Principais informações

  • Recurso do MP: O promotor Fábio Vieira dos Santos argumenta que a reformulação da pergunta pode ter causado confusão nos jurados e viciado o resultado. “Refazer a pergunta pode ter causado confusão nos jurados. A diferença de pena é muito grande entre homicídio doloso e culposo”, afirmou o promotor, que atua no mesmo tribunal que a juíza há dez anos.
  • Defesa da juíza e do advogado: A magistrada justificou a repetição da votação com base no princípio da plenitude de defesa e no artigo 490 do Código de Processo Penal, que permite refazer quesitos diante de contradições. O advogado de Monique, Hugo Novais, defendeu a decisão: “Sem a correção, o julgamento correria risco de anulação futura”.
  • Pedido de anulação: Além do MP, o assistente de acusação Cristiano Medina, que representa o pai de Henry, Leniel Borel, também anunciou que pedirá a anulação de todo o julgamento.
  • Situação de Monique: Apesar da batalha jurídica em curso, Monique Medeiros já deixou o presídio Talavera Bruce, em Gericinó. Seu advogado afirma que ela e a família estão “acuados” diante de ameaças recebidas desde a divulgação da sentença.

Contexto

O perdão judicial é um instituto raro no direito brasileiro, previsto no Código Penal. Ele se aplica, basicamente, a homicídios e lesões corporais na modalidade culposa (quando não há intenção). O juiz pode deixar de aplicar a pena se entender que as consequências do crime já puniram o autor de forma tão grave que a sanção estatal se torna desnecessária.

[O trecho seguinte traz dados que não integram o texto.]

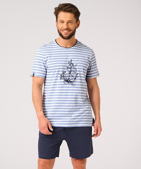 Piżama męska Key Bawełna krótkie spodenki niebieska kotwica:
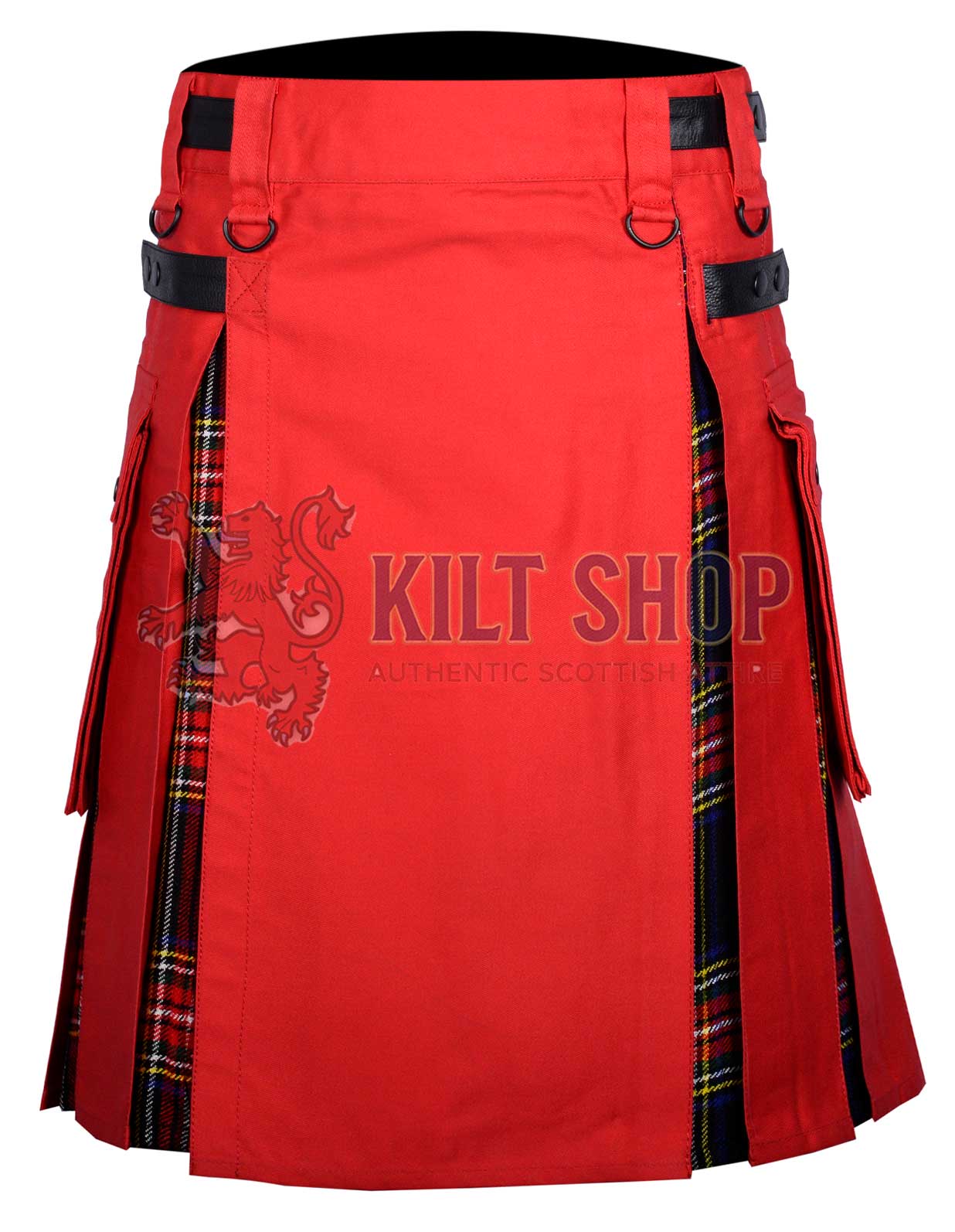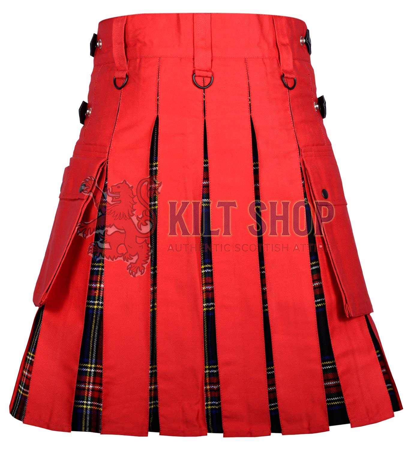 Made from premium-quality cotton fabric, this kilt is durable, breathable, and comfortable for all-day wear. The rich red base delivers a bold, eye-catching appearance, while the Black Stewart tartan panels add a classic royal contrast associated with Scottish nobility and tradition. Reinforced stitching throughout ensures long-lasting performance, even with regular and active use.

Ao conceder o benefício, a juíza Elizabeth Louro descreveu Monique como uma “mãe zelosa” que sofreu “perseguição implacável contra sua honra” e “desprezo pela dor de seu luto” durante os quase cinco anos em que ficou presa preventivamente. O caso reacendeu o debate sobre os limites da aplicação do perdão judicial, que não é um direito automático do réu, mas uma decisão discricionária do magistrado baseada na proporcionalidade.

Em contraste, o ex-vereador Dr. Jairinho, padrasto da criança, foi condenado a 43 anos e nove meses de prisão por homicídio duplamente qualificado de Henry, que morreu em março de 2021 aos quatro anos de idade. A defesa dele também anunciou recurso para tentar reduzir a pena.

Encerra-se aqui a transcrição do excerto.